What I love about Bourgeois, besides her work is her habit of working in different media at different times in her life. Growing up in art school in the 1970s was all about finding one thing to do and stick to it. This artist is my mirror to breaking that rule and she did it so well.
I also love how prolific she was. Something I aspire to and hope to make my own habit.
Everyone needs protection from their demons. Those demons can be real, like an abuser or they can be perceived, like a lack of confidence. They are not all easy to identify. We humans find ways to hide from these demons. It can be a closet in the attic or it can be a crowd at the bar. I like to cover up with fabric, paper, armored surfaces, and more. I create the small spaces that can hold secrets, secrets/demons that I am hiding from or secrets that I have created to cover up the real demon.

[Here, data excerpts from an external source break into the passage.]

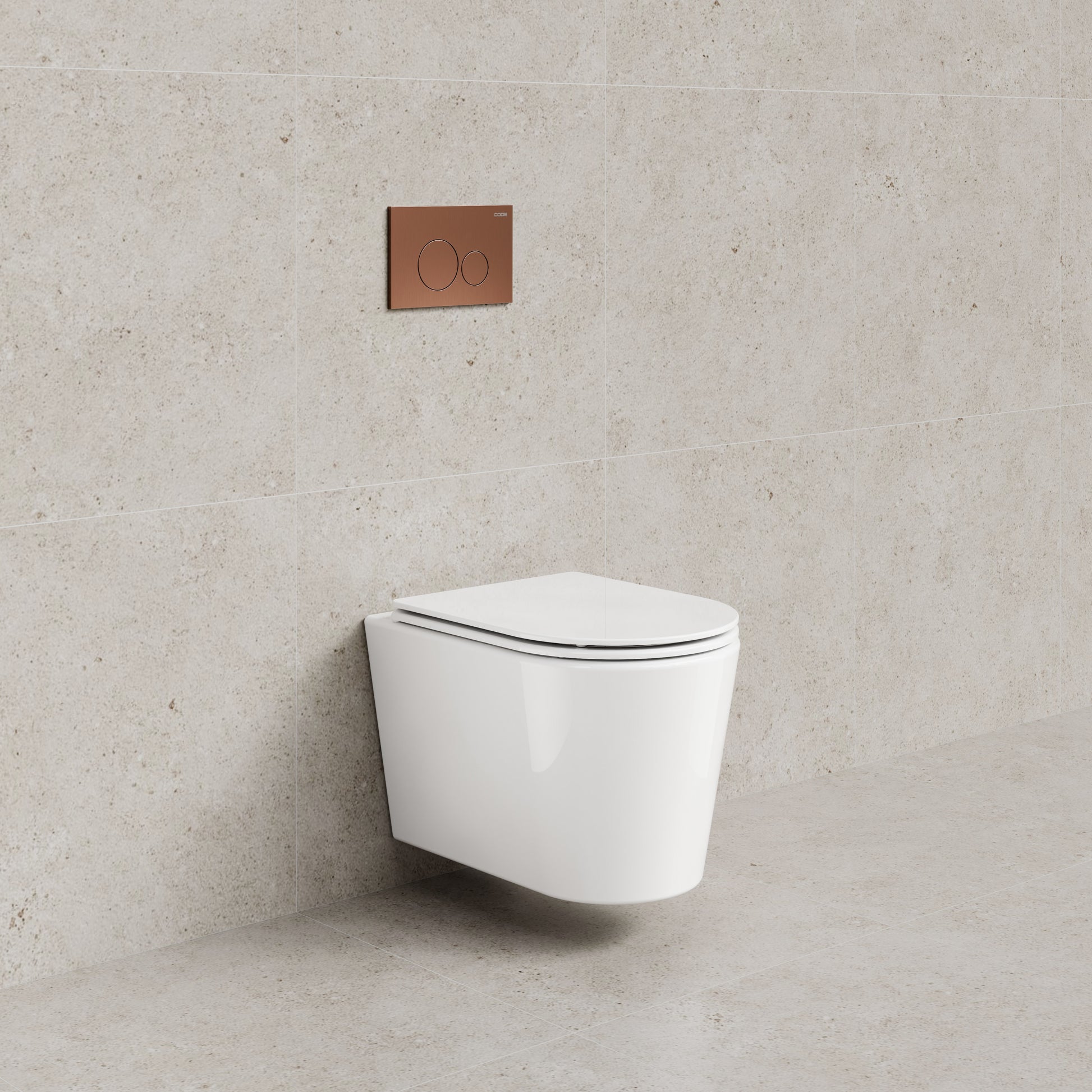 CODE PURE TYPHOON WALL HUNG TOILET SUITE | BRUSHED COPPER BUTTON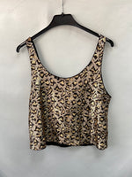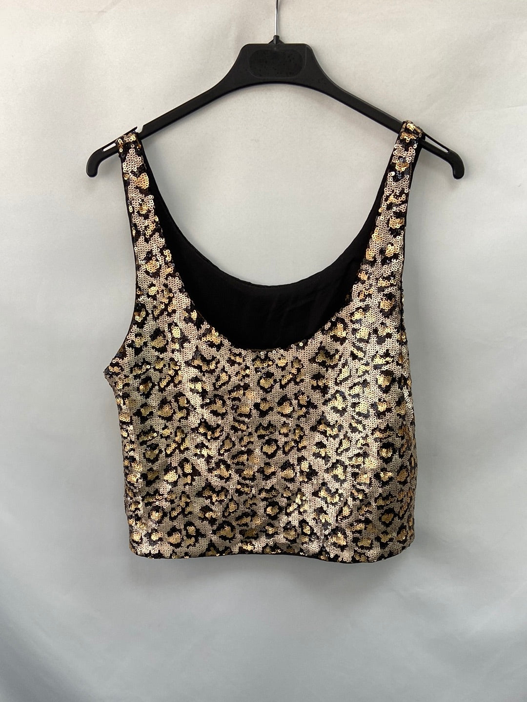 Top de lentejuelas con estampado animal print. Es cortito y no es elástico. De sisa a sisa 46 cm largo 49 cm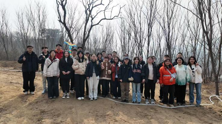 清晨,党员们精神饱满地在沙河校区东门集合,统一乘大巴前往灵慧山生态风景区。灵慧山位于怀柔城区西北,东邻千年古刹红螺寺,西望慕田峪长城,景区内生态古朴,风光秀丽,是植树造林、亲近自然的理想之地。正值第47个植树节前夕,党员们用实际行动响应国家号召,为祖国大地增添绿色。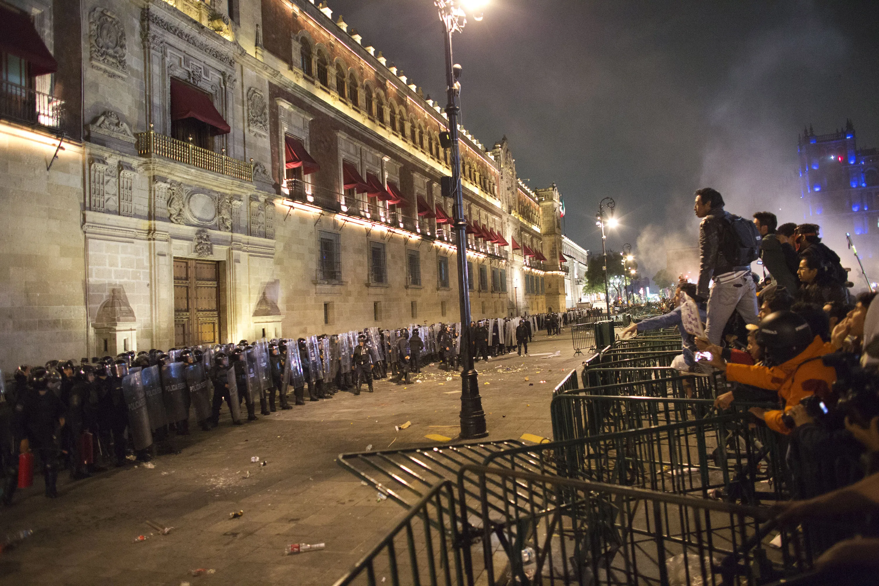 In this November 20, 2014 file photo, protestors face off against federal police over barriers surrounding the National Palace in Mexico City. Protesters marched in the capital city to demand authorities find 43 missing college students, seeking to pressure the government. Mexico officially lists more than 20,000 people as having gone missing since the start of the country's drug war in 2006, and the search for the missing students has turned up other, unrelated mass graves. (Photo by Rebecca Blackwell/AP Photo)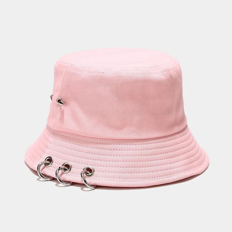 Punk Spiked Rivet Bucket Cap with Metal Rings Panama Streetwear Cap

Part of the development from child to young adult is to find or create a space of one’s own, a preparation for the inevitable move away from parents to independence. Within that space, we develop our hidden spaces as well that keep safe many of our secrets.
Each piece of paper that I use in my wall installations represents a safe space for my secrets. Each piece has been touched by me. I rip the paper, soak it in an ink bath, ring it out and hang it up to dry. Once dry, I take down each piece, one at a time and lovingly press out the wrinkles by hand and stack them 50 -100 high. I keep count of them like this — 375/2325 — the first number is how many I have made and the second number is how many I have left to make for that particular installation.
Trying to figure out the best use of my Saturday is stressful, to say the least. With all of the events that revolve around friends and institutions that I want to support—exhibitions, lectures, receptions—it is difficult to find free time in the studio. I want to support everyone who supports me, a long list, but how do I fit it all in?
And so each Saturday, I approach the day with a bit of resentment and a bit of resignation. And I wonder if the issue is not mine. Do I even want to go the studio on Saturday or do I want to take the day off? Don’t I need at least one day when I can stop everything—designing, learning, experimenting, teaching, sculpting, planning, applying, writing, invoicing—when do I make time for myself to sleep late, go to brunch, catch some shows and lectures, see a movie, cook dinner, catch up with my children.
I think back to days before marriage and children. Before I had in-laws to consider and before I added the needs of children into the mix. I remember living on 23rd Street in NYC where my soon-to-be husband and I would buy some fruit, fry some eggs and listen to music as we ate a late lazy Saturday morning breakfast. It has been a long time since I felt that slow in the morning, without any deadlines reminding me to hurry up, time’s a wasting.
How do I get back to that time of slow mornings, filling the rest of the week with fulfilling time in the studio, not going to a job anymore so I will have time in the studio? Time to renew my commitment to studio time. Time to block out all mornings for exercise and my work and not give in to the whims and demands of earning an income. Time to take back Saturday for recovering from the long intense week.